- Born: Dhulipala Sitarama Sastry 24 September 1921 Palnadu, Guntur, Andhra Pradesh, India
- Died: 13 April 2007 (aged 85) Guntur, Andhra Pradesh, India
- Occupation: Actor
- Years active: 1961–2001
- Website: www.dhulipala.org

= Dhulipala =

Indian actor (1921–2007)

Dhulipala Sitarama Sastry (24 September 1921 – 13 April 2007), known mononymously by the surname Dhulipala, was an Indian actor and thespian, known for his works predominantly in Telugu cinema.
He was noted for playing mythological roles, particularly the role of Shakuni. He began his acting career at the young age of 13 and went on to work in about 300 films. He shot to fame with Bhishma and Sri Krishna Pandaveeyam, acting alongside N. T. Rama Rao.

==Life and career==
Born on September 24, 1921, to Sankarayya and Ratnamma of Dachepalli village in Palnadu taluk of Guntur, Andhra Pradesh, he dropped out of school after Class. 8th and spent a year at Sankara Vidyalayam, Bapatla, studying Vedas. Subsequently, he worked as a clerk for an advocate. Simultaneously entering the stage, initially portraying female characters. He was introduced to film industry by his preceptor Mr. Gayudu (1927-2005), who was a famous actor, director, writer, singer and music director, make-up artist and also owned the costumes related to mythological dramas. Initially, Mr. Gayudu was selected for the role of Bhishma in the movie Bhishma and N. T. Rama Rao was offered the role of Duryodhana, but, due to a conspiracy to wedge Mr.Gayudu from entering the film industry, the Art Director of the movie, Mr.
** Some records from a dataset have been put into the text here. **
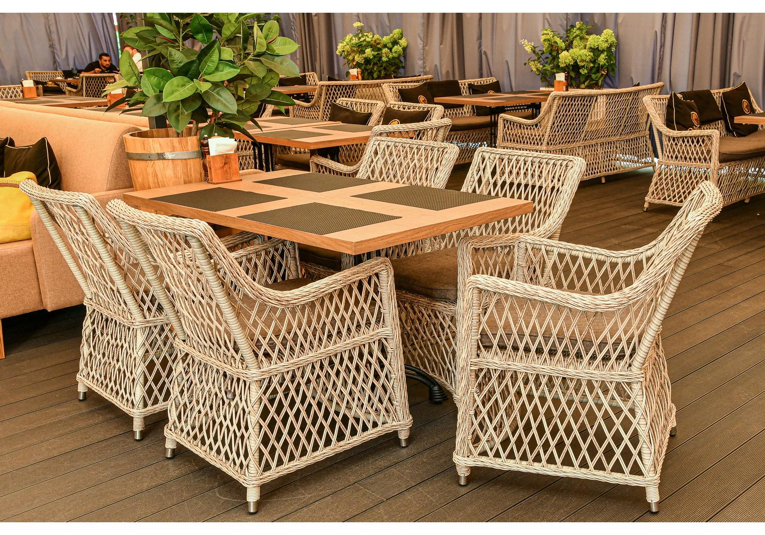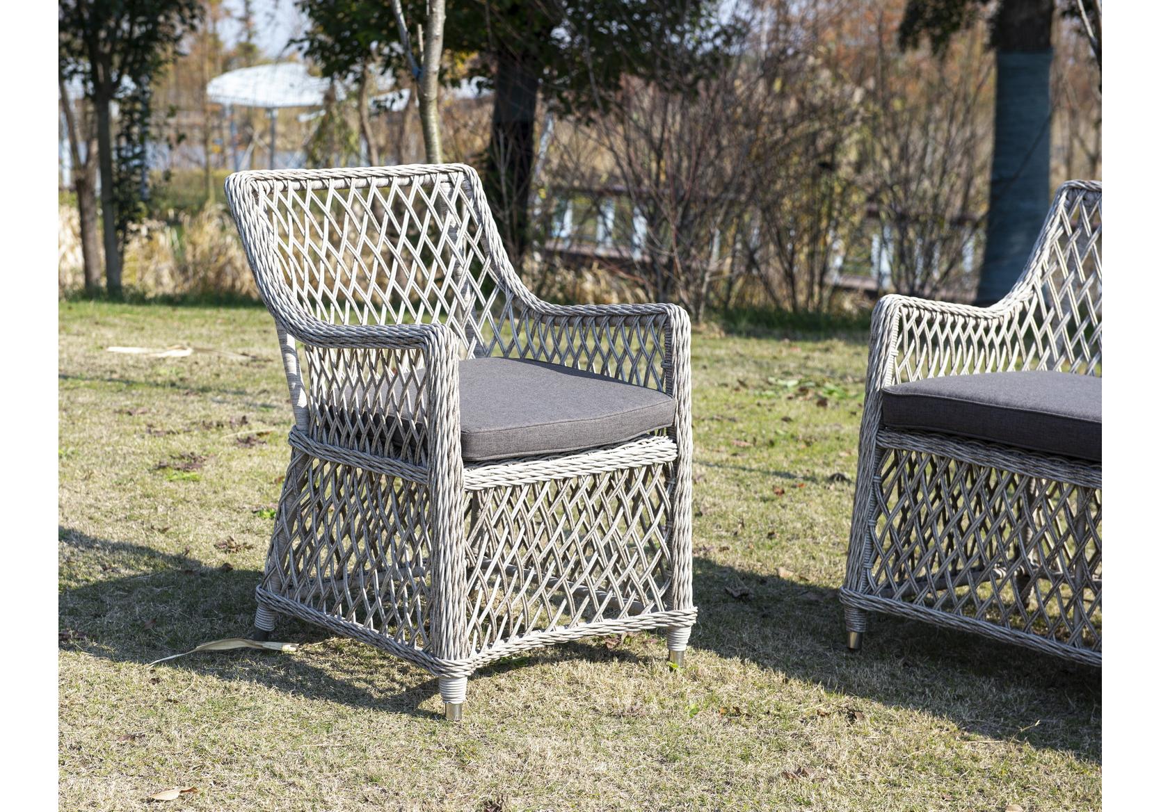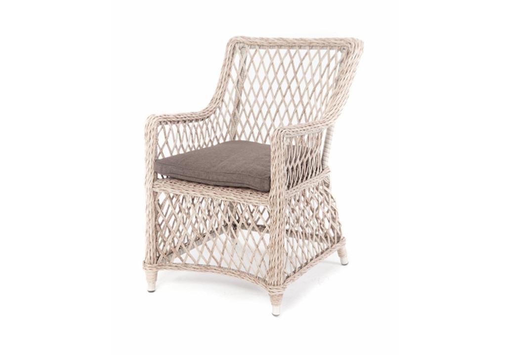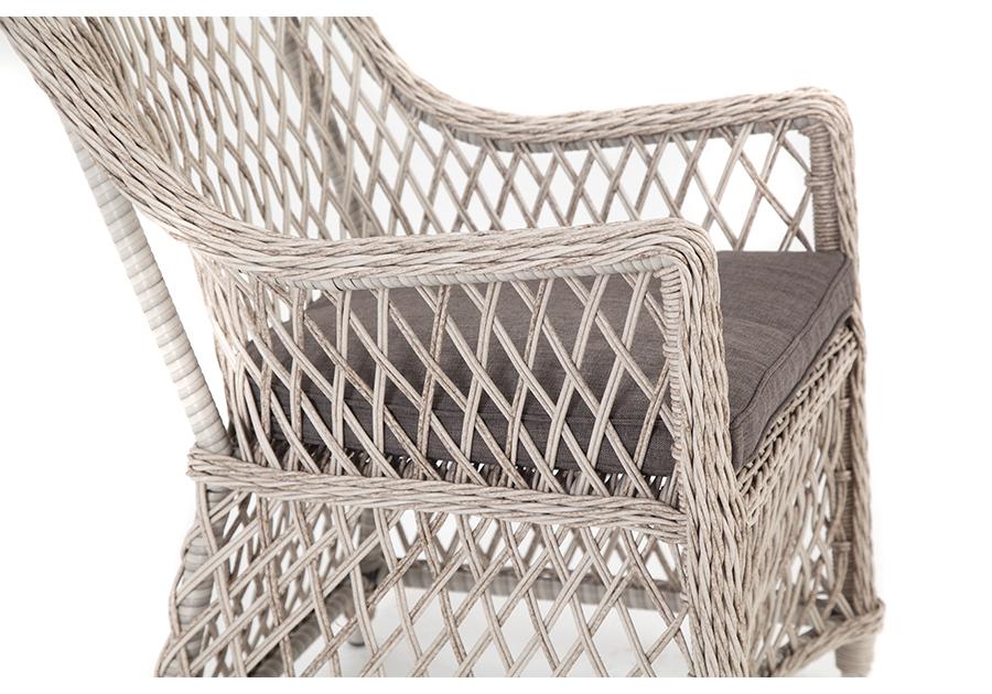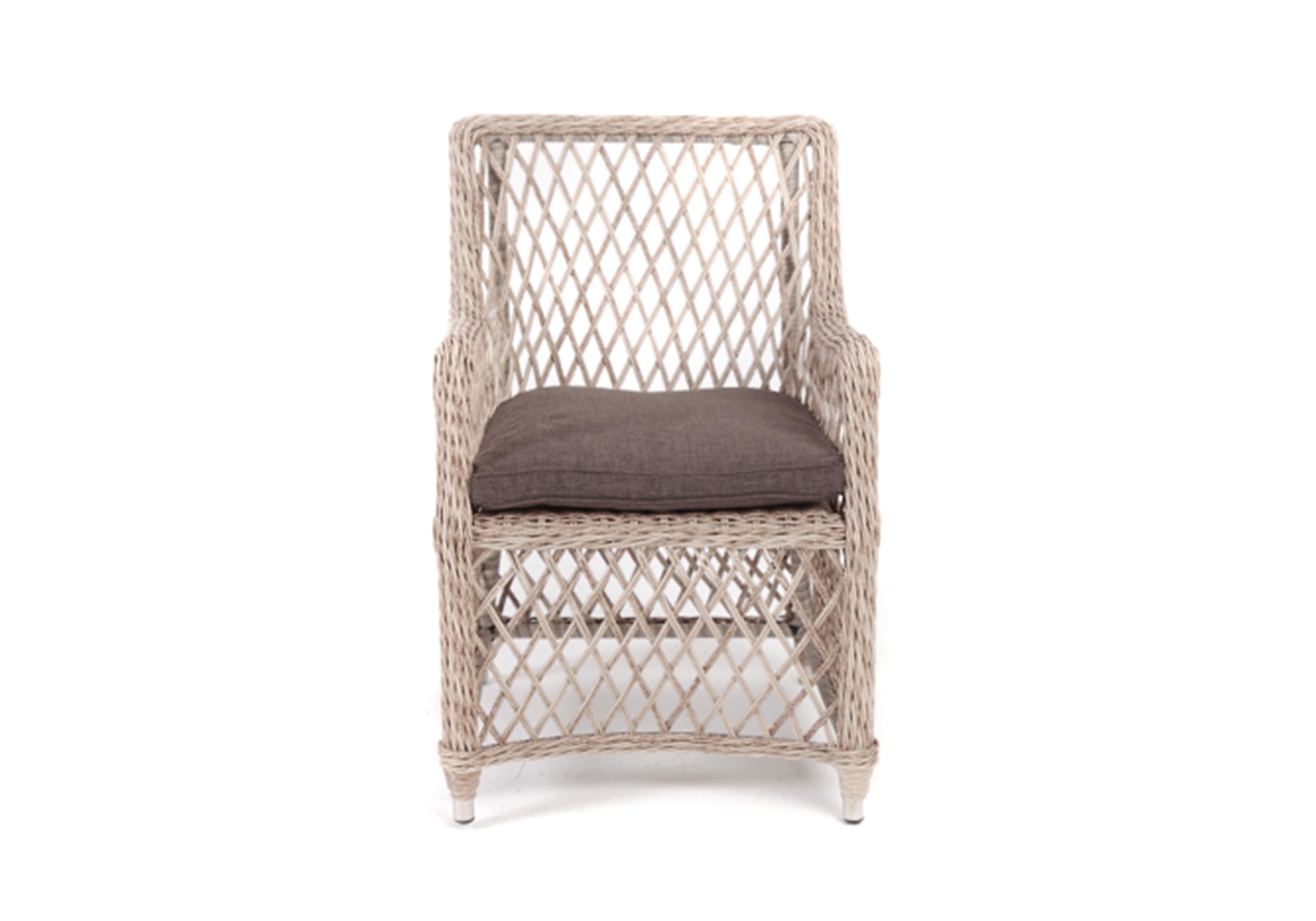 Каркас сделан из прочного алюминия. Сверху конструкции - ручное плетение из круглого искусственного ротанга. Стул бежевого цвета.
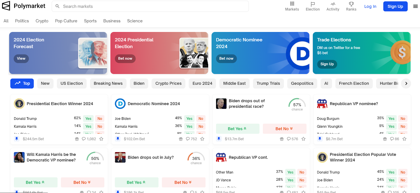 How it works: Polymarket allows users to bet on the future outcomes of a huge range of topics like politics, sports, current events and stocks. This allows it to captures real-time sentiment, engages users and provides an unbiased view of significant events.
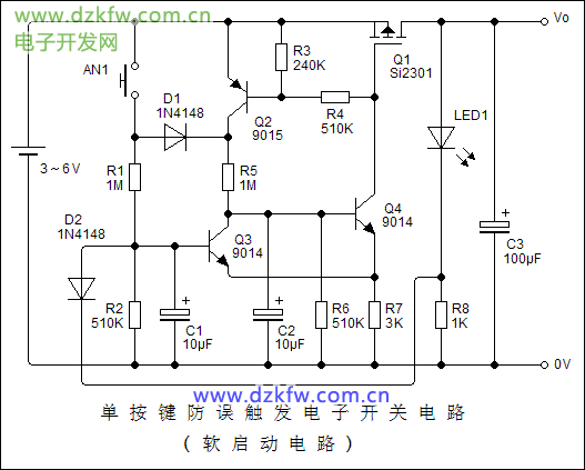 由于电路靠C2、C1 的充电、放电控制电路的开启、关闭,所以具有慢启动的特点,从LED上可以看到逐渐点亮或逐渐熄灭的过程。

Vali, was arrested and made a deal out of it with Mr. Gayudu that if he drops out of the role of Bheeshma which he was offered and instead play the role of Duryodhana, he could get Vali released. Mr. Gayudu wasn't ready to accept the deal but for the sake of his friend Vali, he dropped out of the movie stating, his student Dhulipala, is capable enough to play Duryodhana. When NTR thanked him for dropping out of the movie, Mr.Gayudu replied showing him all the letters and telegrams that he received earlier, "I am backing off for the sake of my friend Vali. No matter how much you succeed in your career, don't forget that I was the first preference for the lead role of every movie and you had always been the second choice, as I couldn't make it on time and you grabbed the opportunities. I received Vendi Gada (Silver Gada) from Mysore Maharaja as a token of gratitude. That's my greatest achievement". Mr.Gayudu headed back home and never turned around. He realized that his brothers were right, as they said "Talent is injurious to career and life".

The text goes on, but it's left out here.